Deconstructing the Compose Compiler: How @Composable Changes Android Development
@Composable: More Than Just an Annotation
Many beginners think `@Composable` is similar to Dagger's `@Inject`, a runtime annotation. In fact, it's more like Kotlin's `suspend` keyword, a language-level feature that changes the function type.
`@Composable` corresponds to a Kotlin compiler plugin (Compose Compiler Plugin). During compilation, this plugin intercepts all marked functions and rewrites their signatures. The most notable change is injecting an implicit parameter: `Composer`.

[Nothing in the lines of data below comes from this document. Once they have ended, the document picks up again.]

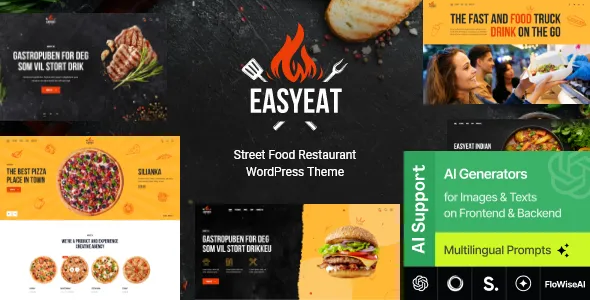 EasyEat is a stylish and modern Street Food WordPress theme. It is fit for all kinds of food business, such as food truck street food, restaurant, cafe, sports pub, bakery, food portfolio and gallery, online shop, creative bar, pizza place.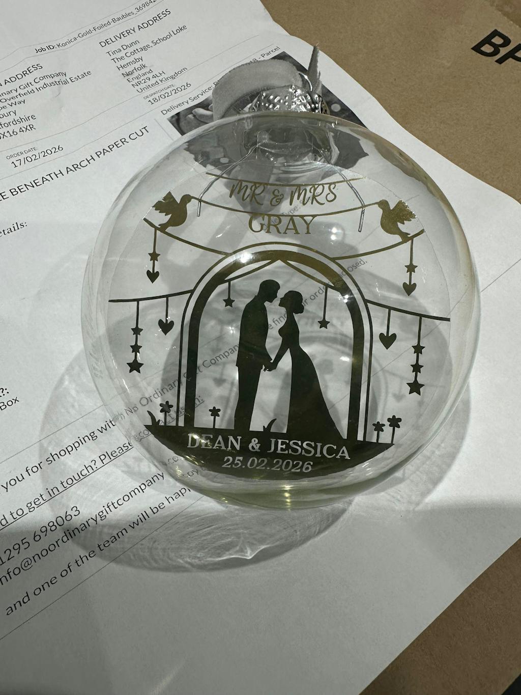 The design is printed in a metallic foil onto a clear polyester sheet, inserted into the bauble, which is finished with a velvet hanging ribbon in a choice of colours.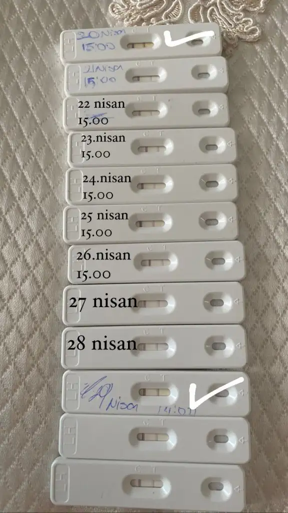 Adetten 3 gün sonra başladım ilk testim diğerleri hep öyleydi sonra 29 nisanda da diğerlerine göre koyulaşma oldu sonra yine silik oldu beynim yandı benimde bilmiyorum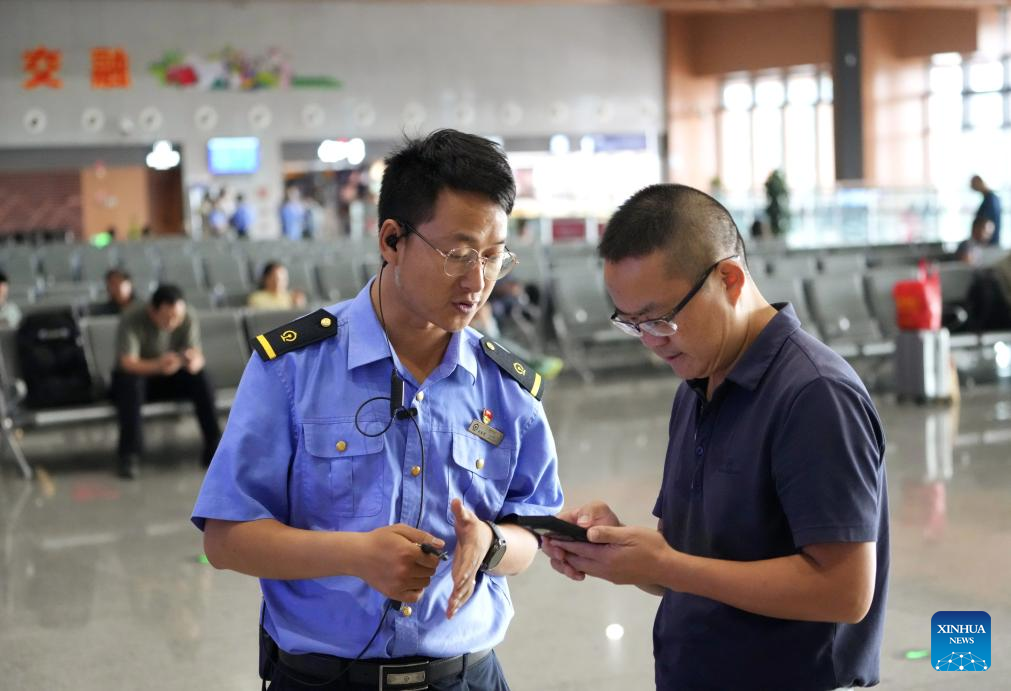 A staff member helps a passenger at Pu'er Railway Station in Pu'er City, southwest China's Yunnan Province, Sept. 20, 2025. As of Sept. 20, the China-Laos Railway has transported more than 59 million passengers since its opening in December 2021, according to China Railway Kunming Group Co., Ltd. (Xinhua/Xing Guangli)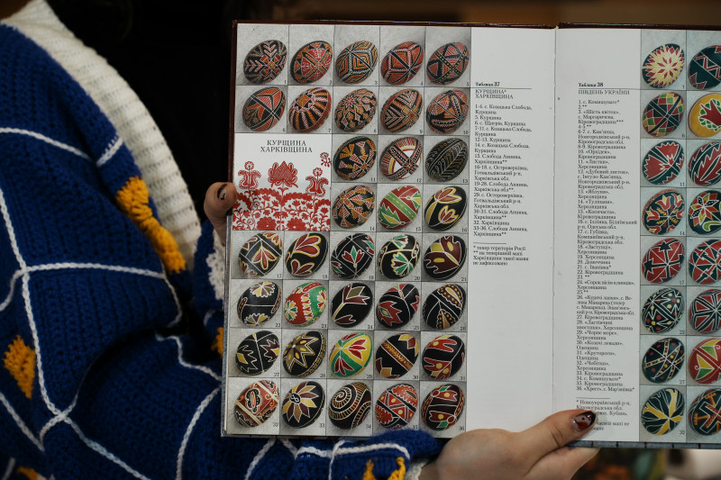 "Писанки Харківщини, наприклад, мають лише декілька дубових або квіткових листочків. Це здебільшого рослинний орнамент. Вважається, що де дуб — це чоловічий початок, тобто дерево, яке має могутність, це як побажання на довголіття. А писанка з пояском дарується також прадідам і дідам на побажання довголіття, гарне господарство. Зелений колір — це побажання на здоров’я. Приблизно, що й синій колір. Жовтий — це колір чистоти", — каже Валерія.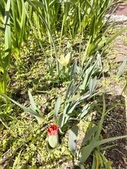 もうチューリップが先はじめました! 今頃に咲くなんてびっくりです!!赤い方は茎も伸びす蕾が顔をだしもうすぐ花弁が開く感じです!こんなの初めてです???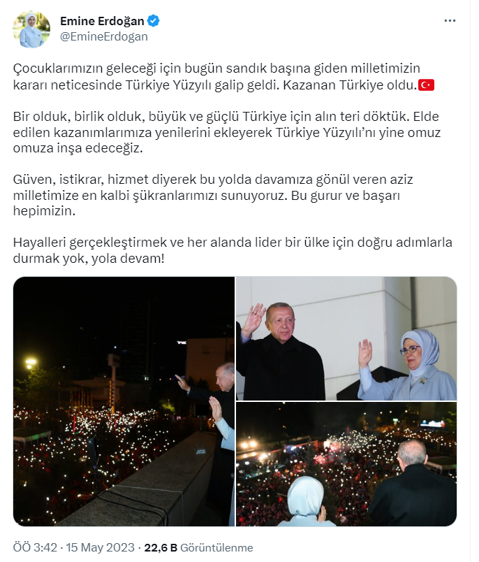 Cumhurbaşkanı ve AK Parti Genel Başkanı Recep Tayyip Erdoğan’ın eşi Emine Erdoğan, ”Çocuklarımızın geleceği için bugün sandık başına giden milletimizin kararı neticesinde Türkiye Yüzyılı galip geldi. Kazanan Türkiye oldu.” değerlendirmesinde bulundu.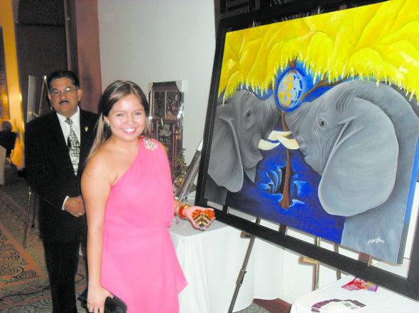 The Casamiro Global Foundation’s 12th Annual Anniversary Gala was true to its title “The World is Aglow with Potential”. Hundreds gathered for this black tie affair at the Hotel Sofitel on Feb. 1 to enjoy a entertaining evening with a silent auction, awards ceremony, dinner and dancing. While the program revolved around honoring social entrepreneurs, one young 15 year old artist, Magyulie Gelves, a graduate of the Foundation’s Leadership Camp and student at DASH, certainly spoke volumes for the work that Juan Casimiro and his board invest in creating entrepreneurs. Gelves not only donated a painting sold to World of Wines (the Cocktail Sponsor) to benefit the Foundation, but also had a table of beautiful hearts made by special needs students. The idea for this program was a result of her camp experience and one encouraged by her teacher who helped her get approval from the school board to make this program a reality. Hearts were on sale with proceeds being invested back into the program.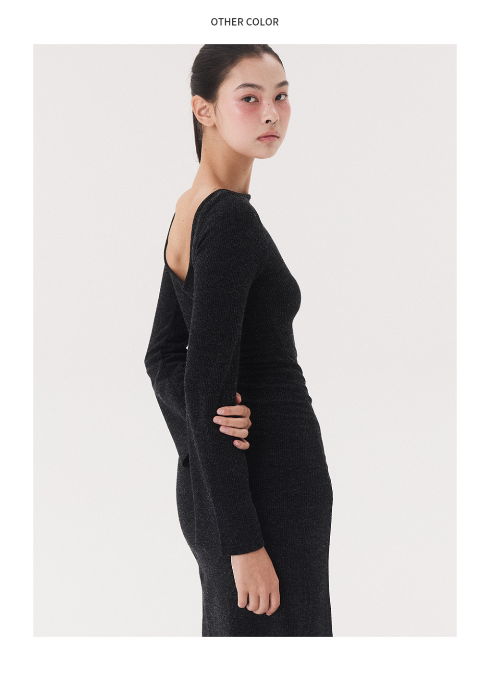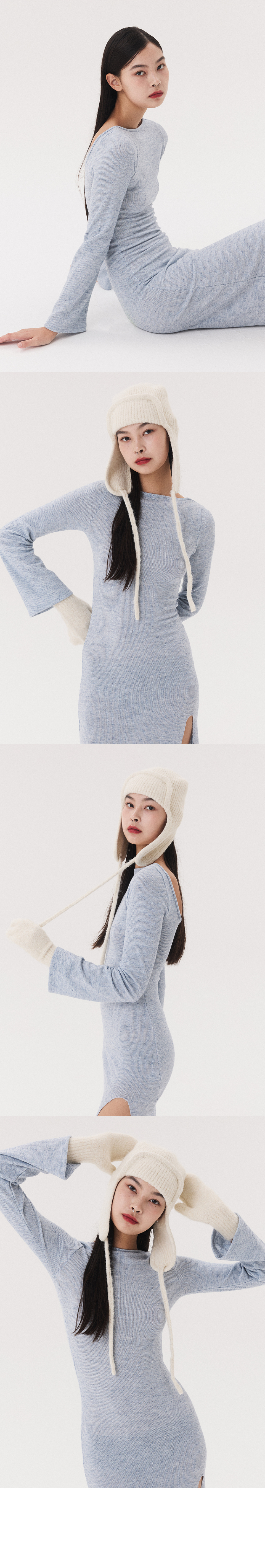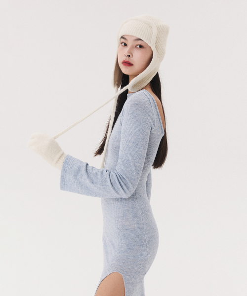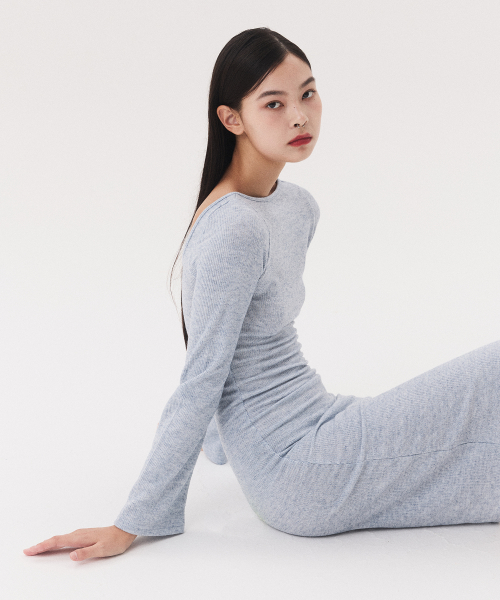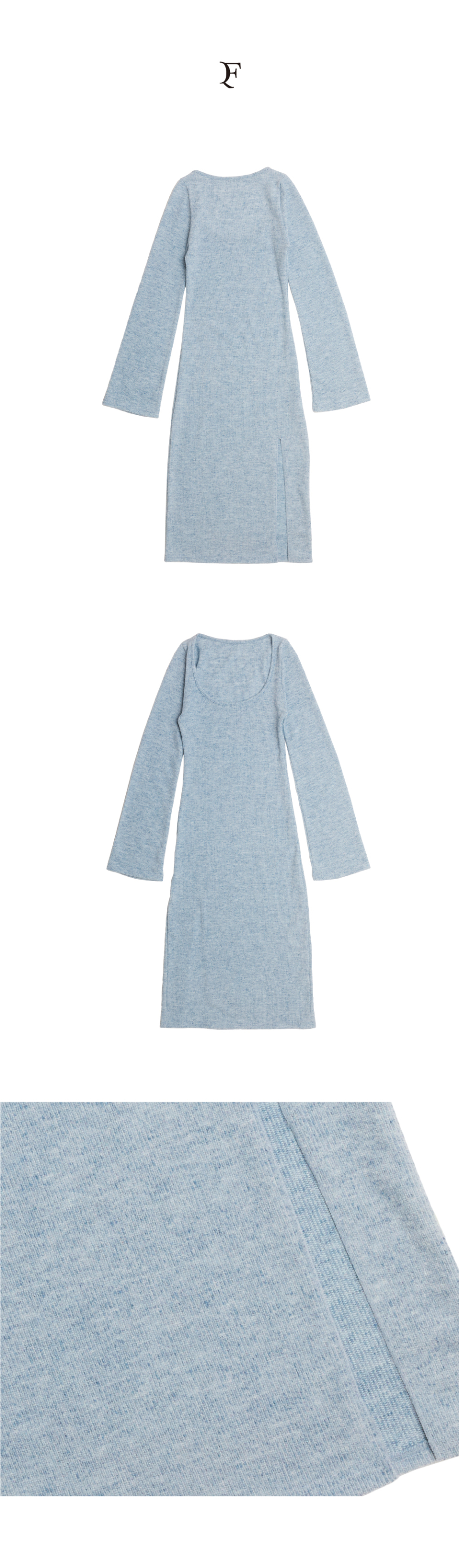 KNIT LONG SLIT DRESS_melange blue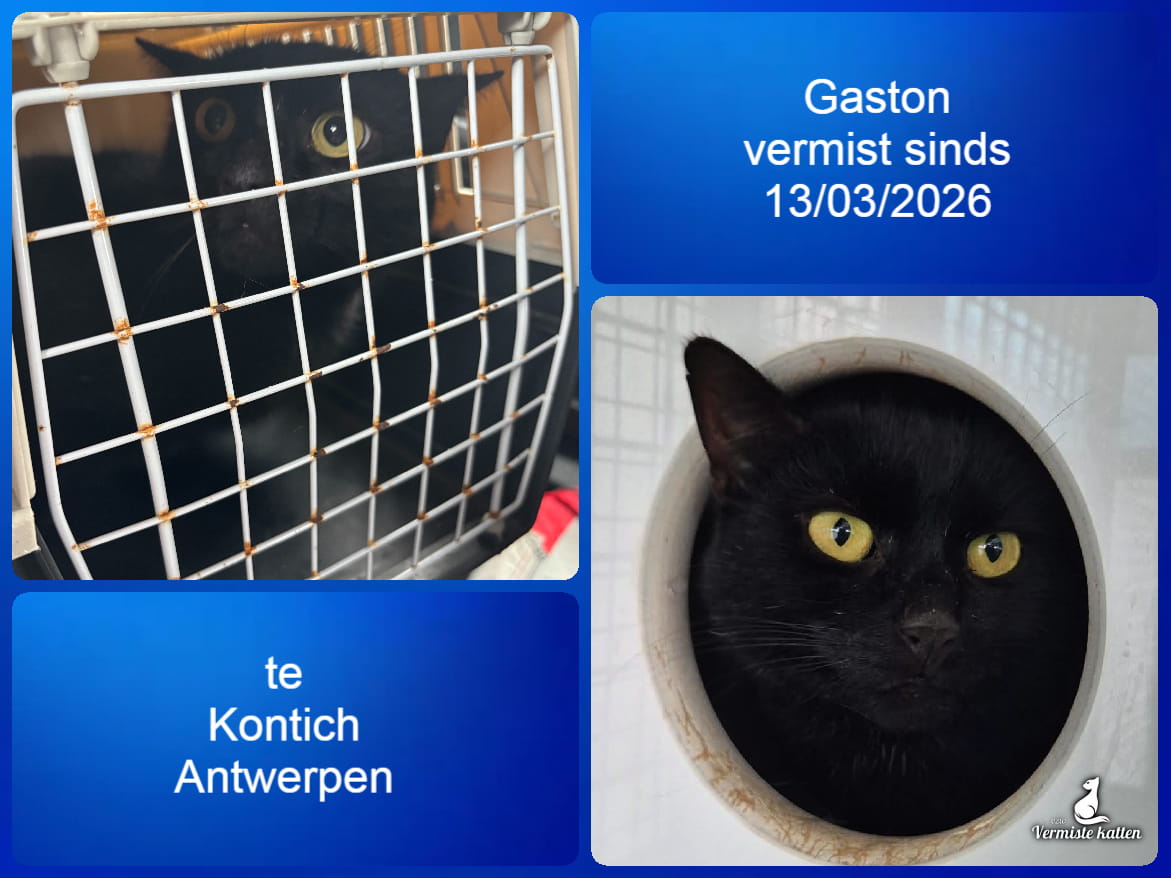 Naam kat: Gaston Datum vermist: 13/03/2026 Plaats verdwijning: Biesaard Woonplaats: 2550 kontich Provincie: Antwerpen Geslacht: Kater Gesteriliseerd/Gecastreerd: Ja Geboortedatum Kat: 01/02/2018 Chip: Ja Aanvullende kenmerken: Is volledig zwarte kat is bang Kwan net van...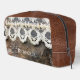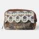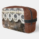Delightfully rustic, large western style toiletry bag, aka Dopp Kit, has a dark tooled leather background and a faux antique lace panel with a row of applied pearls. Personalise it with the easy to use template provided. The font is completely customisable should you want to use a different style type face.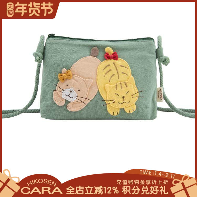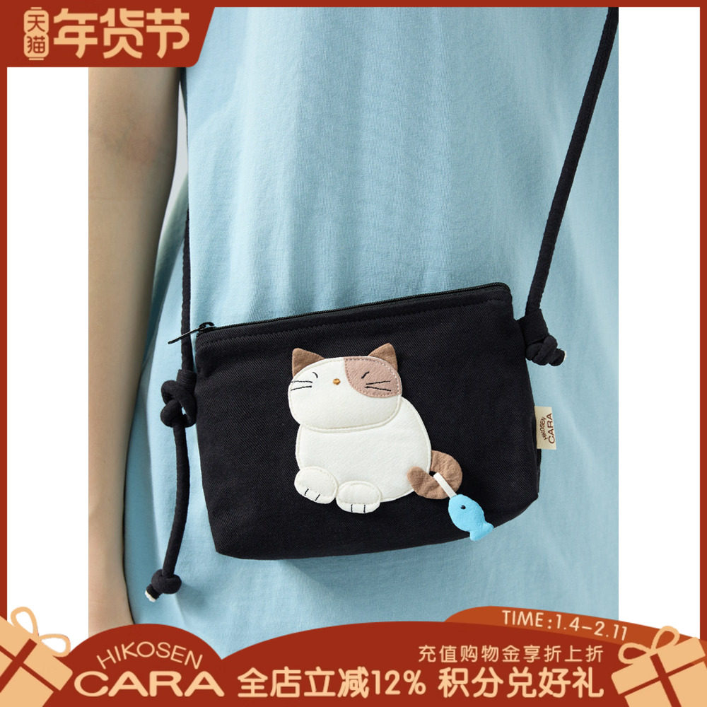 HIKOSEN CARA卡拉猫迷你斜挎包帆布棉制可爱猫咪女单肩小包手机袋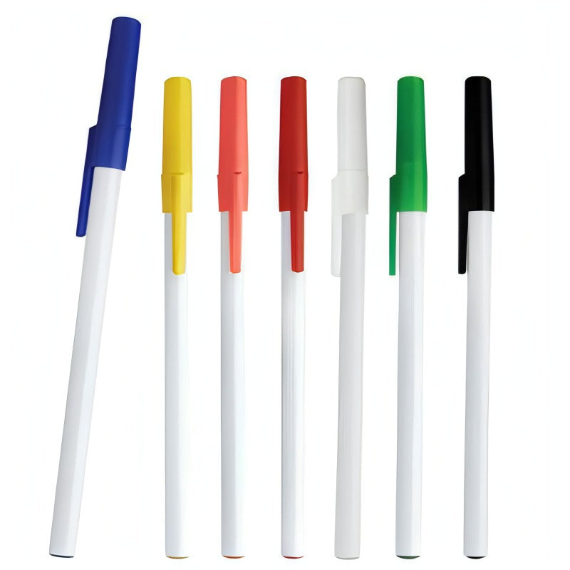 Bolígrafo de plástico con tapa de color.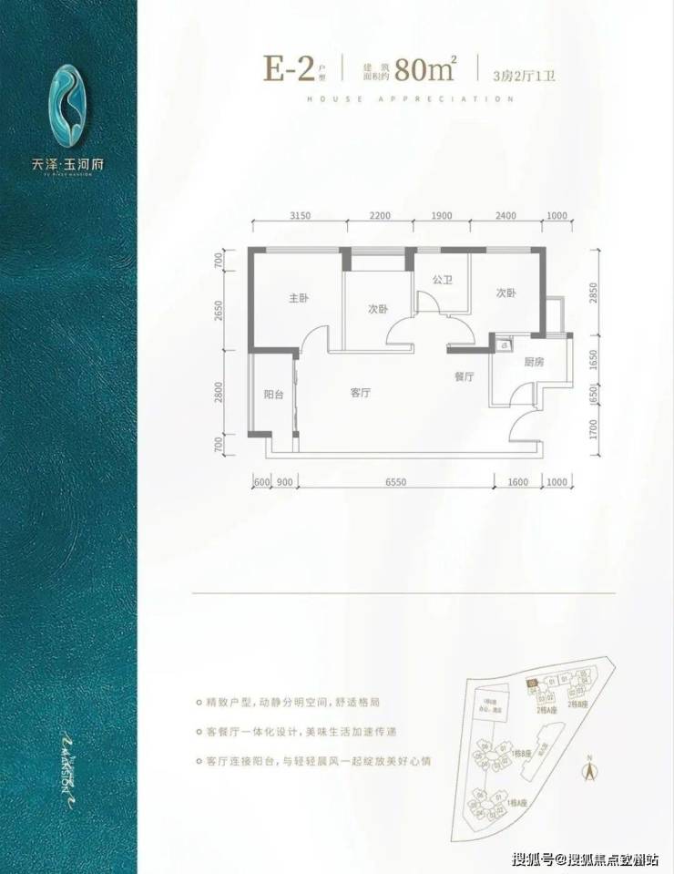 E2户型-80㎡-3房2厅1卫,设计的是竖厅格局,客厅3.5米开间,餐客厅一体化,阳台2.8米长,朝西向。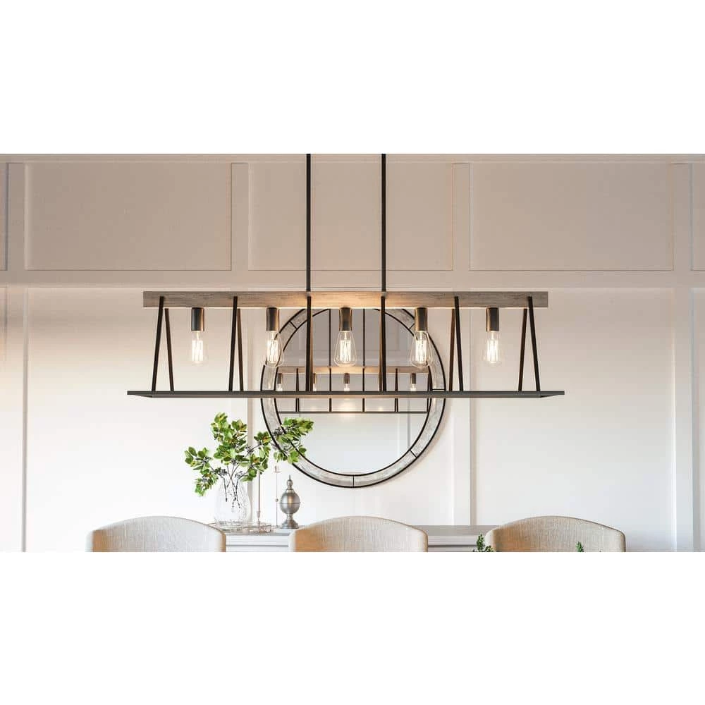 With open framework and weathered styling, the Brockton comes farmhouse-approved. The grey ash finish of the thin metal body pairs perfectly with the whitewash finish of the faux wood accents. Vintage filament bulbs provide soft, ambient light in this rustic charmer.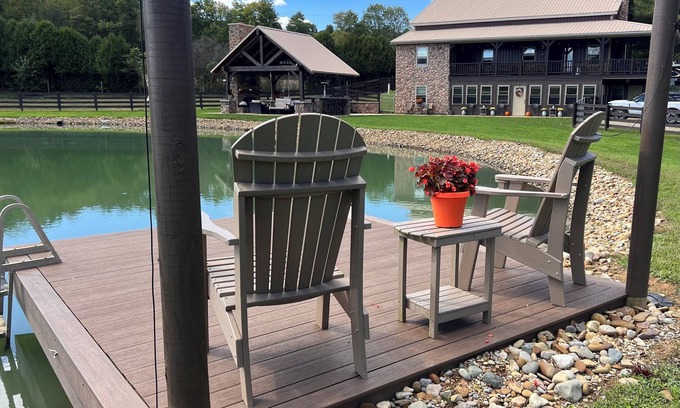 Located in the heart of beautiful Mohican Country, Trails End Retreat is the perfect getaway. The 5-acre property was newly renovated in 2025. We've added a beautiful outdoor patio with a wood burning fireplace, pond dock, and hot tub. Bring your furry family members, including horses. The entire area around the pond is safely fenced for dogs. There is a half acre pasture with run-in shelter for horses to stay on property. Saddle up and ride, or throw on your hiking gear, and explore some of the most beautiful trails in the Mohican State Forest. You can access the Blue Trail less than 3/4 of a mile away. Trails End Retreat also offers guests a stocked fishing pond, corn hole, pizza oven, Weber grill, and Blackstone. Inside you will find TWO well equipped kitchens that makes meal prepping for multiple families very convenient. Sleeping arrangements include- 2 king bedrooms, 1 queen bedroom, 1 bedroom with two twin beds, and a sleeper sofa. There are 2 full bathrooms and 1 half bath inside. There is another full bathroom accessible in the barn area (which is great when guests include RV campers on property). There are 4 available RV hookups that can be arranged through the owner after booking. We also have a bunkhouse, with 2 twin beds, that is included with the rental (linens for the bunkhouse are not included). Trails End Retreat offers beautiful views, peace, tranquility, and is less than 5 miles from all of the canoe livery action.

`Composer` is the core context object of Compose runtime, running through the entire UI tree construction process, responsible for recording the position of executing nodes, storing state, and scheduling recomposition. This explains why Composable functions can only be called from other Composable functions — they need this implicitly passed `Composer` context.
Slot Table and Gap Buffer
How does Compose store the UI tree? It doesn't use traditional object trees (like View Hierarchy) but an array-based linear data structure called "Slot Table."
The Slot Table's design is inspired by "Gap Buffer" commonly used in text editors. It's an array containing data but keeps an empty "gap" at the current operation position. This allows Compose to move the cursor in O(1) time complexity and efficiently insert or delete data at the current position.
This structure is extremely suitable for the dynamic nature of UI. When recomposition occurs, code generated by the Compose compiler accesses the slot table in execution order. If data (such as state or node structure) hasn't changed, it skips directly; if changed, it efficiently updates array content using the gap buffer.
Positional Memoization
Understanding the slot table helps understand how `remember` works. `remember` isn't magic; it uses "Positional Memoization" technique.
Because Composable function execution order is typically stable during recomposition, Compose can use the function's "position" in source code as a key to look up and store values in the slot table. When code executes `remember { ... }`, Composer checks if a cached value already exists at the current slot position. If yes and dependencies haven't changed, return directly; otherwise, execute the lambda to compute new value and store in slot.
This mechanism allows functional UI to have "state," and this state can persist across multiple recompositions until that Composable is removed from the UI tree.